[[ COLLECTED DATA open ]]

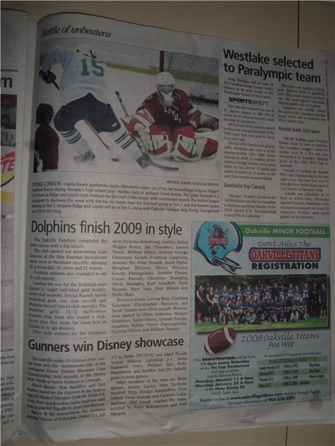 Спортивные страницы: на первой фотографии – статья о хоккеисте Робе Хайси, который стремится попасть в НХЛ и его фотография; на второй , третьей и четвертой – короткие заметки о школьниках- спортсменах – хоккеистах, пловцах, футболистах, в том числе о девичьей хоккейной команде (на последнем фото).
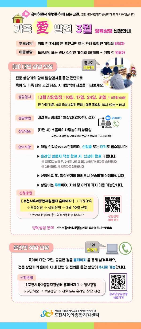 | 장소 | 소흘아이사랑놀이터 상담실, 전화, 온라인 플랫폼 | ||||
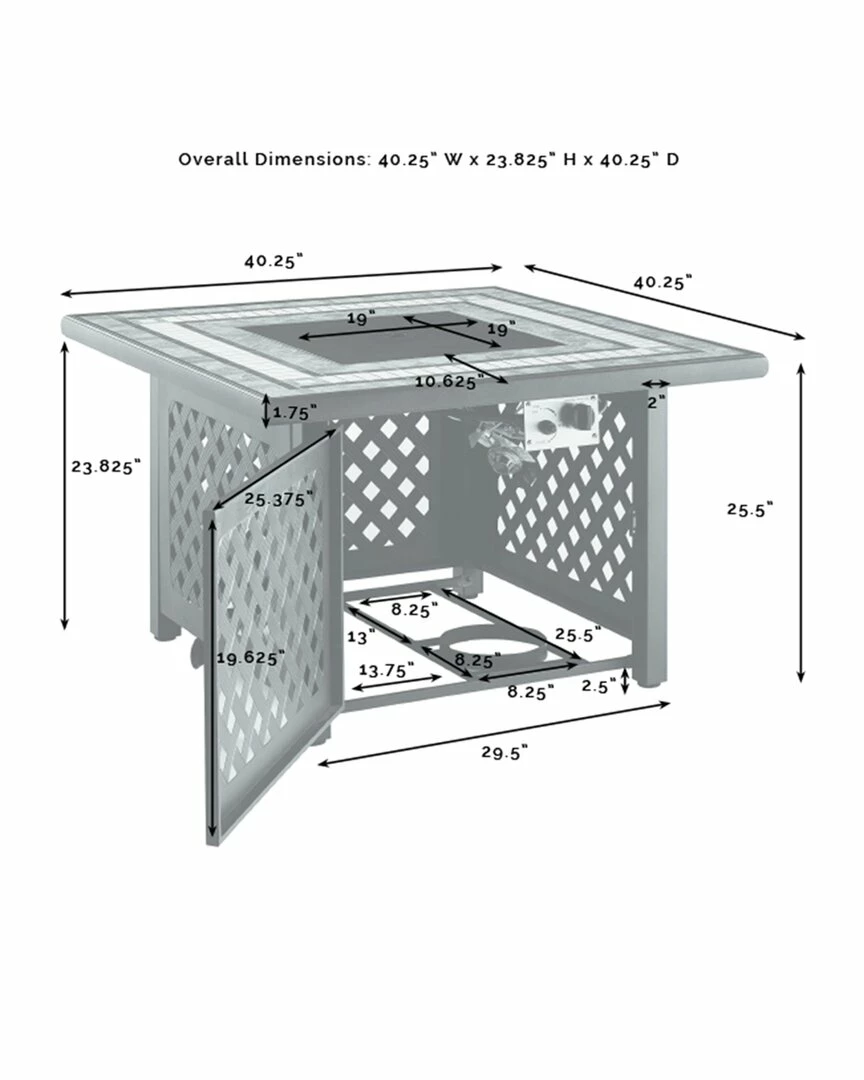 - Traditional design.UV resistant all-weather half-round resin wicker.Weather-resistant powder-coated steel frame.Handwoven weathered brown resin wicker.Neutral sand cushion covers with white piping.High-performance solution-dyed polyester cushion covers resist mildew, sun fade, and abrasion.Moisture-resistant high grade cushion cores.Removable cushion covers are machine washable.Fire table has a tiled stone top.Fire table gas controls and propane tank store inside table.Fire table comes with 10lbs of black glass fire beads.Fire table uses standard 20lb propane tank – Not Included.Fire table comes with a lid and protective covers for the table and propane tank (Propane tank not included).One AAA battery required, not included.Seating for four.Fire Table Dimensions – 40.25″W x 40.25″D x 25.5″H.Armless Chair Dimensions: 32.5″H x 25″W x 31.5″D…
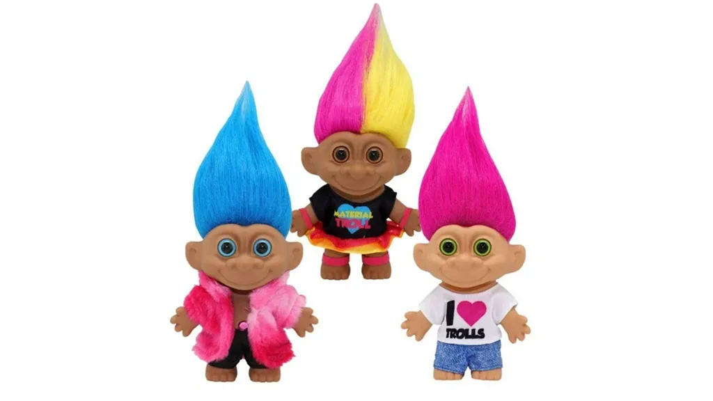 Es gibt zwei Möglichkeiten, um an diese neuen Glückstrolle zu gelangen. Die für Kinder ab 5 Jahren entworfenen 4-Zoll-Trollpuppen sind in drei verschiedenen Ausführungen erhältlich — Material Troll, I Heart Troll und Rockstar Troll. Der Material Troll hat rosa-gelbes Haar, trägt ein schwarzes T-Shirt mit der Aufschrift „Material Troll“ und einen rot-gelben Rock. Der I Heart Troll hat leuchtend rosa Haare, trägt ein weißes I Heart Trolls T-Shirt und Jeans. Der Rockstar Troll hat leuchtend blaues Haar und Augen und trägt einen rosa Pelzmantel.

[[ COLLECTED DATA closed ]]

# DIRECTIONS FOR THIS TASK:
Give back the material above exactly as it appears, minus the pictures.

# ANSWER SPACE:
 Спортивные страницы: на первой фотографии – статья о хоккеисте Робе Хайси, который стремится попасть в НХЛ и его фотография; на второй , третьей и четвертой – короткие заметки о школьниках- спортсменах – хоккеистах, пловцах, футболистах, в том числе о девичьей хоккейной команде (на последнем фото).
 | 장소 | 소흘아이사랑놀이터 상담실, 전화, 온라인 플랫폼 | ||||
 - Traditional design.UV resistant all-weather half-round resin wicker.Weather-resistant powder-coated steel frame.Handwoven weathered brown resin wicker.Neutral sand cushion covers with white piping.High-performance solution-dyed polyester cushion covers resist mildew, sun fade, and abrasion.Moisture-resistant high grade cushion cores.Removable cushion covers are machine washable.Fire table has a tiled stone top.Fire table gas controls and propane tank store inside table.Fire table comes with 10lbs of black glass fire beads.Fire table uses standard 20lb propane tank – Not Included.Fire table comes with a lid and protective covers for the table and propane tank (Propane tank not included).One AAA battery required, not included.Seating for four.Fire Table Dimensions – 40.25″W x 40.25″D x 25.5″H.Armless Chair Dimensions: 32.5″H x 25″W x 31.5″D…
 Es gibt zwei Möglichkeiten, um an diese neuen Glückstrolle zu gelangen. Die für Kinder ab 5 Jahren entworfenen 4-Zoll-Trollpuppen sind in drei verschiedenen Ausführungen erhältlich — Material Troll, I Heart Troll und Rockstar Troll. Der Material Troll hat rosa-gelbes Haar, trägt ein schwarzes T-Shirt mit der Aufschrift „Material Troll“ und einen rot-gelben Rock. Der I Heart Troll hat leuchtend rosa Haare, trägt ein weißes I Heart Trolls T-Shirt und Jeans. Der Rockstar Troll hat leuchtend blaues Haar und Augen und trägt einen rosa Pelzmantel.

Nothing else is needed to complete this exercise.